BEGIN DATA RECORDS
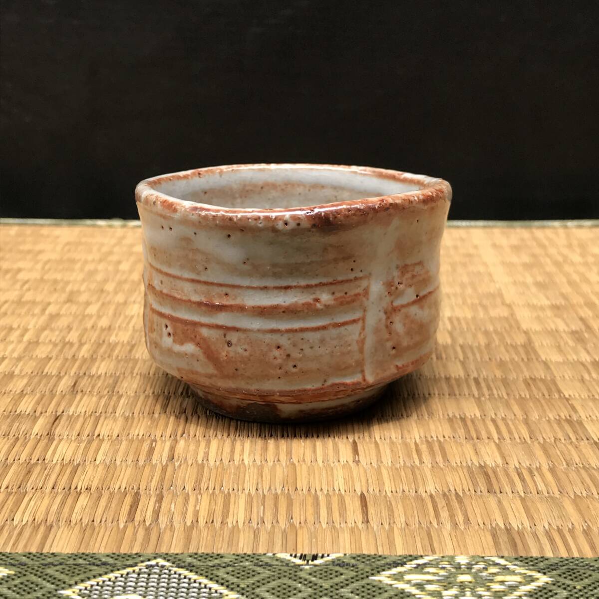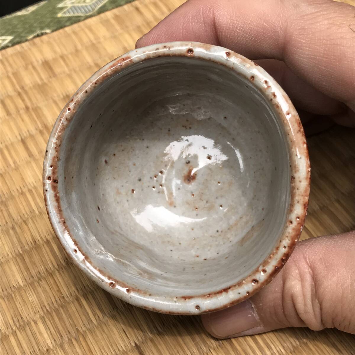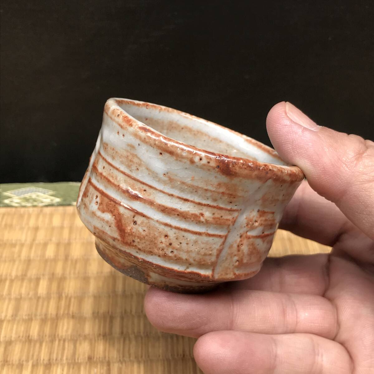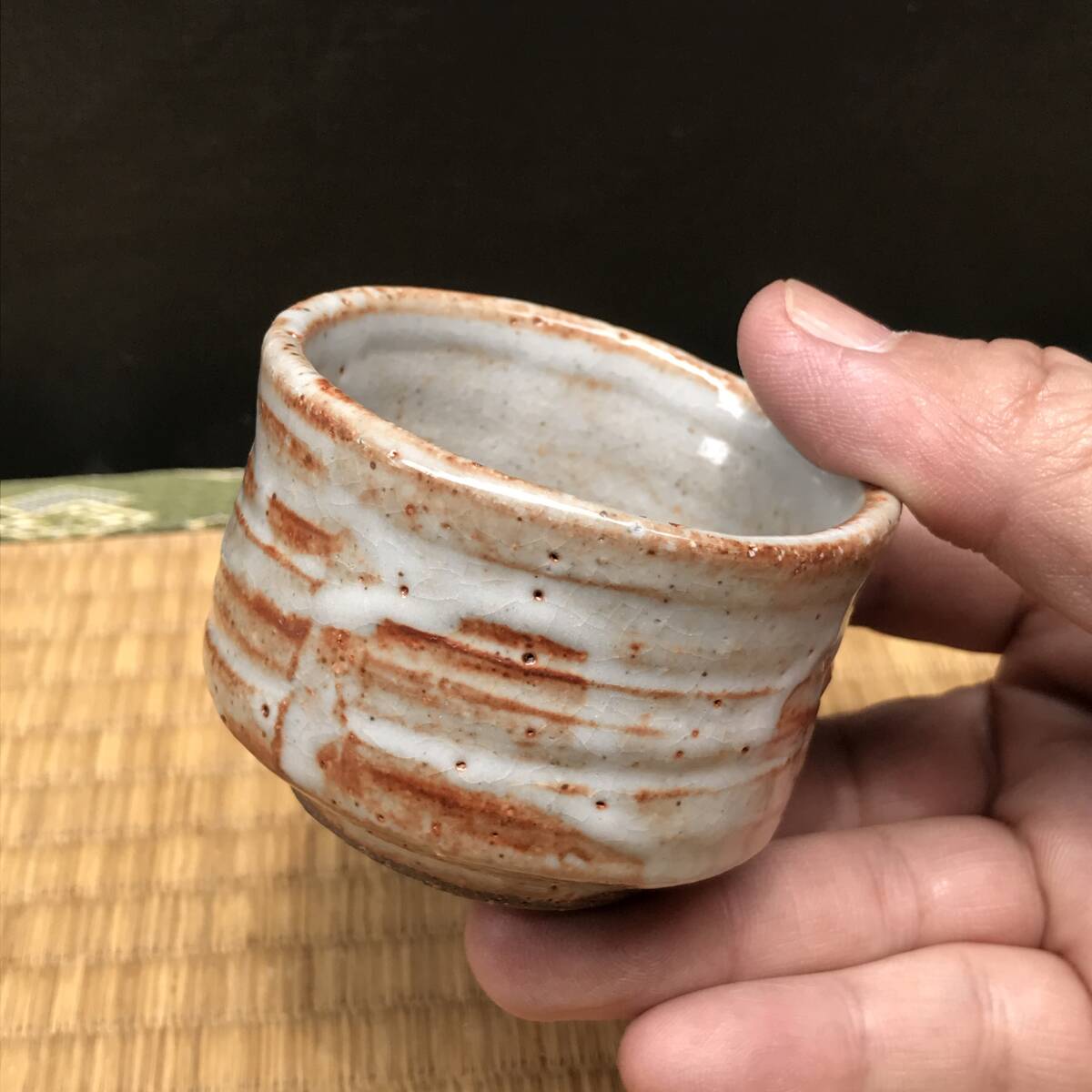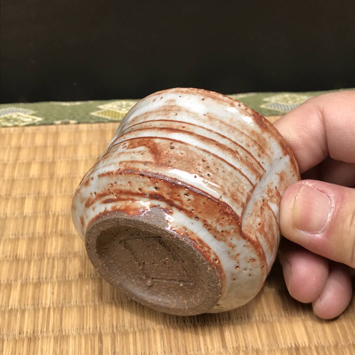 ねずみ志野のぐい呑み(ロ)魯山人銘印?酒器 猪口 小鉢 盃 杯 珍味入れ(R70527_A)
END DATA RECORDS
BEGIN DATA RECORDS
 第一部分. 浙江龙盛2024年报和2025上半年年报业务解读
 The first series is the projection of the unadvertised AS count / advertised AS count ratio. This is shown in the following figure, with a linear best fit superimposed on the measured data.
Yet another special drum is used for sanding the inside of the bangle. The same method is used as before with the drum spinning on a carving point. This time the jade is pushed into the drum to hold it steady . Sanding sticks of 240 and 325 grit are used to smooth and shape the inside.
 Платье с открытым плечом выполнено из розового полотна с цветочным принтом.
END DATA RECORDS
BEGIN DATA RECORDS
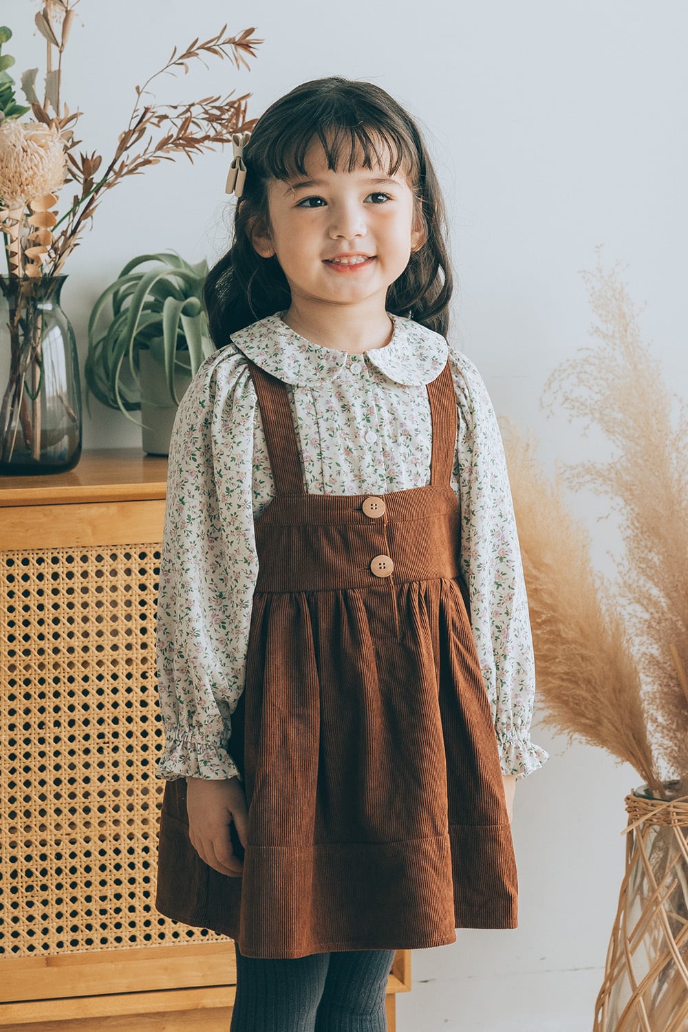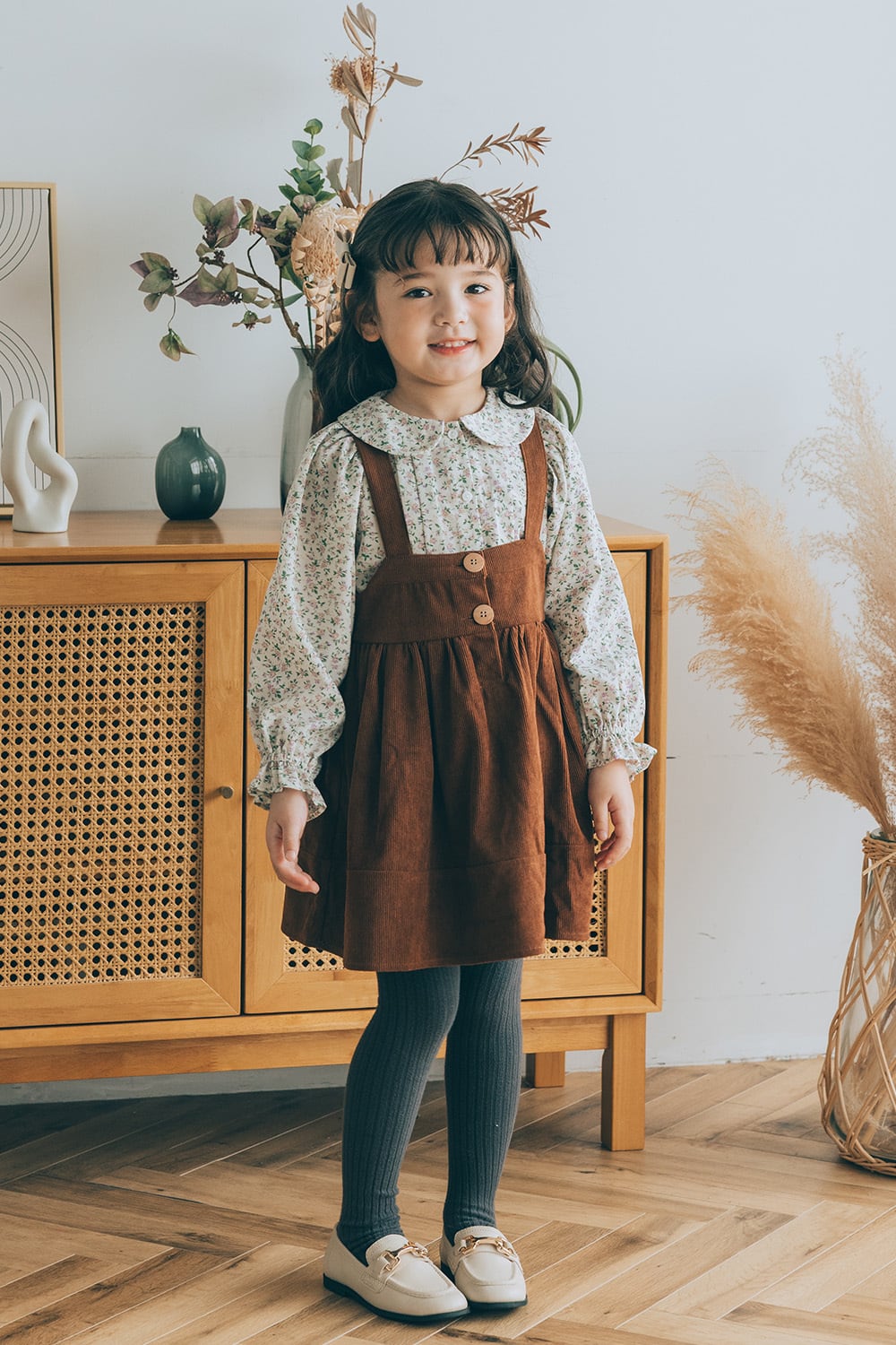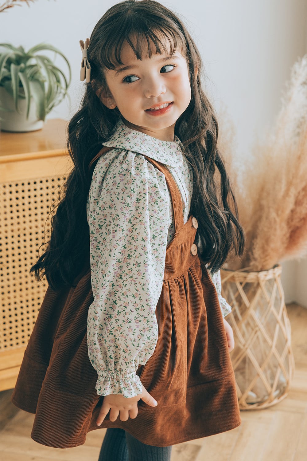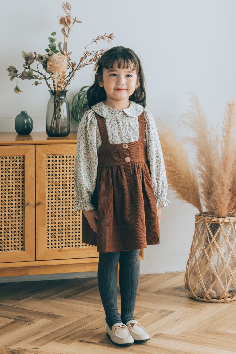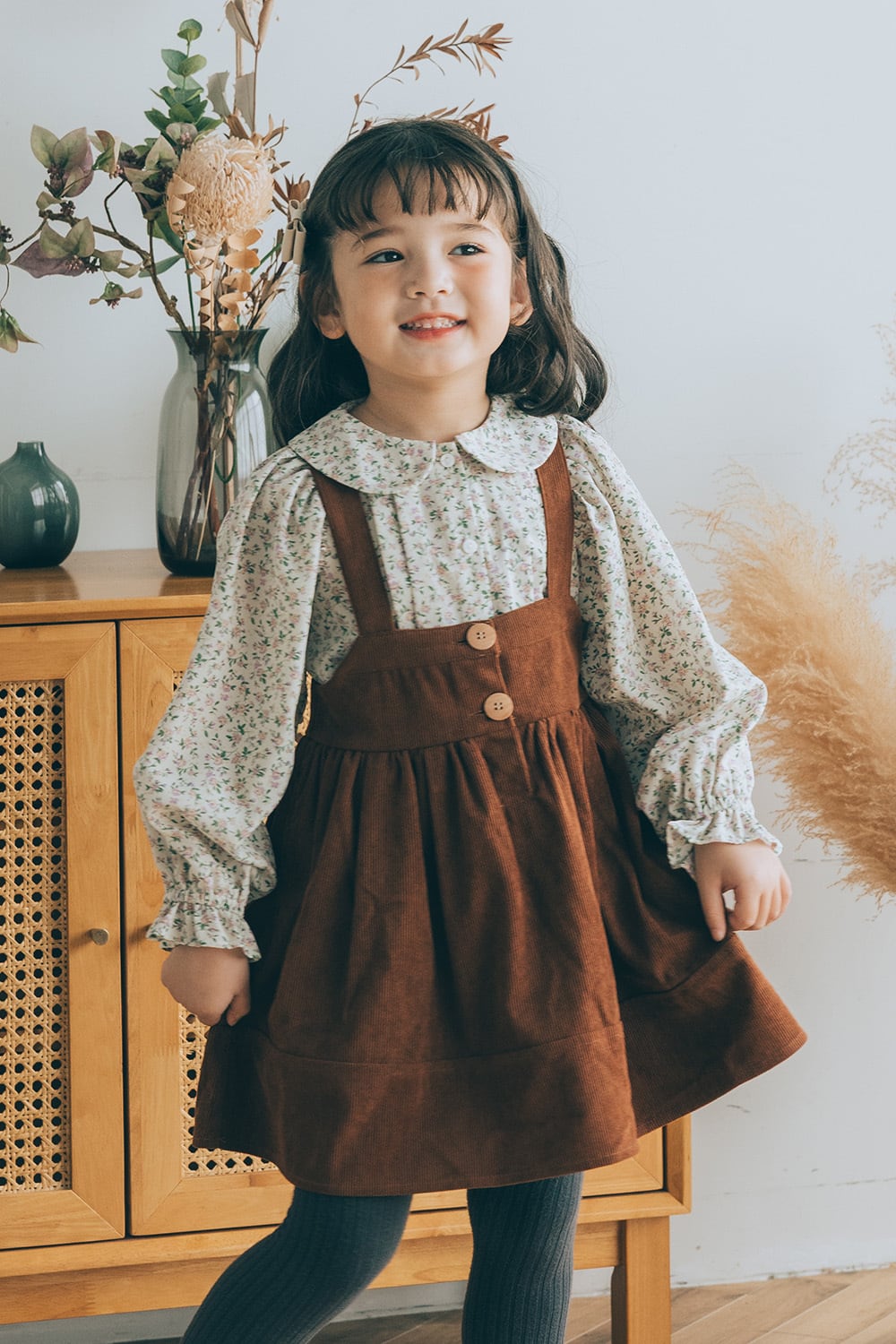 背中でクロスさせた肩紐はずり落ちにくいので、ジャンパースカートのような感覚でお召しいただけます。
END DATA RECORDS
▶ **TASK INSTRUCTIONS**: What lines in the listing contain "with"? Copy them all.

▶ **FINISHED EXERCISE**:
 The first series is the projection of the unadvertised AS count / advertised AS count ratio. This is shown in the following figure, with a linear best fit superimposed on the measured data.
Yet another special drum is used for sanding the inside of the bangle. The same method is used as before with the drum spinning on a carving point. This time the jade is pushed into the drum to hold it steady . Sanding sticks of 240 and 325 grit are used to smooth and shape the inside.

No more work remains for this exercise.